If you add a binary predictor and a significant direct effect is not accounted for the chi-square would increase. This will be particularly an issue if there are empty cells in the [indicator,covariate] bivariate table.
Use "OUTPUT:samp residual mod;" to determine where the misfit comes from. If the model is large adding one covariate at a time would make it easier to proceed.
You should also keep this in mind. The test of fit is a test between the structural model and the unrestricted multivariate probit regression model given in the samp output. As you change the variables in the model the unrestricted model changes. Is principle that is nothing to worry about and it is just as in the ML estimation for the continuous case. In certain situations however this has implications for models with parameter constraints, such as equal parameters.

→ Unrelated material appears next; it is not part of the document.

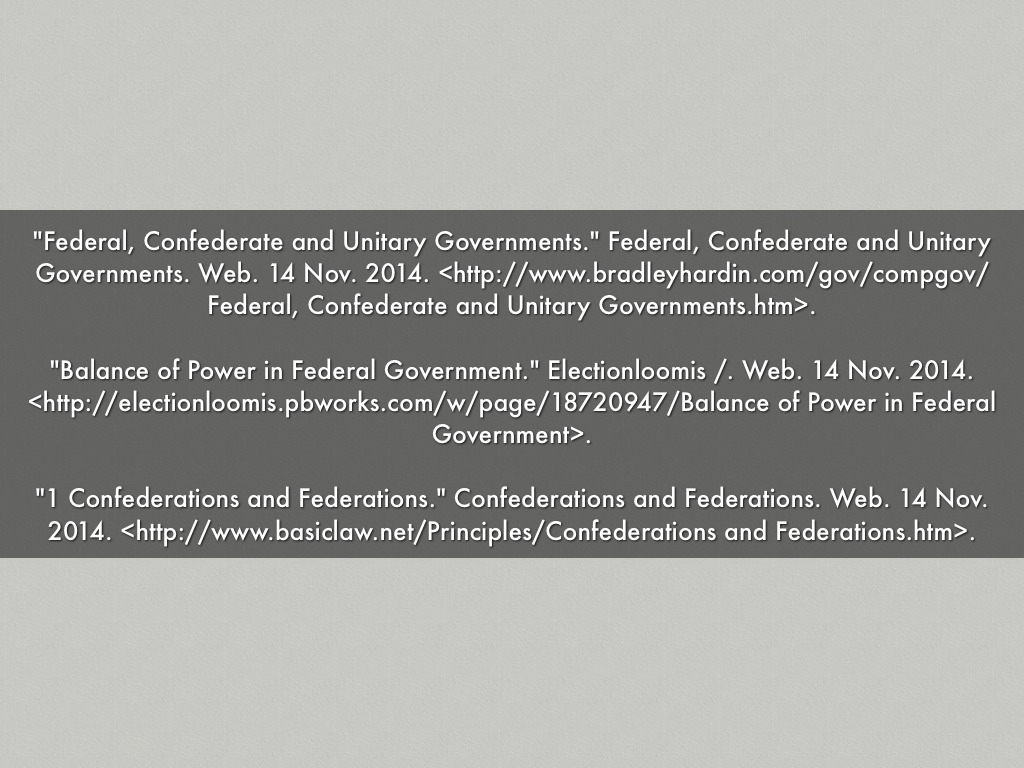 "Federal, Confederate and Unitary Governments." Federal, Confederate and Unitary Governments. Web. 14 Nov. 2014. .

Jonathan posted on Monday, December 23, 2013 - 1:33 pm
Well, the issue isn't so much that the chi-square increases. The problem is that I have a series of dummy variables. Let's say I run a model with 5 predictor variables--all of them are dichotomous, one person can only have one occupation, and every person in the sample has an occupation. x1: Manager x2: Lawyer x3: Administrative Assistant x4: Short-Order Cook x5: Engineer
I have to omit one because of multicollinearity issues, the same as in a standard regression. But if I omit Manager, the chi-square is substantially higher than if I omit Lawyer; in fact, there are five different chi-square values, and it changes depending on which variable is omitted.
I know that chi-square test for WLSMV isn't exactly the same as the ML, but I've never seen model fit statistics change depending on the omitted variable. Is there a way so that this won't happen, or a citation that I can use to say it is okay?
This is correct. The issue is specific to the WLSMV estimator. While the unrestricted model does not change, the unrestricted parameters that are fitted will change and also the weights for these parameters will change. If you use the ULSMV estimator you will get less variation in the chi-square because you will eliminate the variation in the weights, but the fit function will still be different as you change the covariates and with that the unrestricted parameters that you are using to construct a fit function of squared differences.
So again, the unrestricted H1 model is the same/equivalent, the restricted model you estimate is the same/equivalent. What changes is the estimator, because the fit function changes.
There is nothing to worry about in principle. There is no error in the estimation. The chi-square fit function will reach the same conclusion: reject or accept regardless of which covariates you choose, although the actual value can change. Typically however if the chi-square value changes a lot as you change the covariates this is an indicator of misfit of the structural model and omitted direct effects.
Note also that not only your chi-square changes but the actual structural model changes in non-equivalent ways (for example the loadings can change not just the means/thersholds). In principle you can choose the "best" covariates to obtain the best fitting model, but you should still examine direct effect omissions as a follow up step ... and if you do that you should approximately reach equivalent models even if you start with a different set of covariates.
A different/more elaborate approach is to use multiple groups modeling instead of the binary covariates.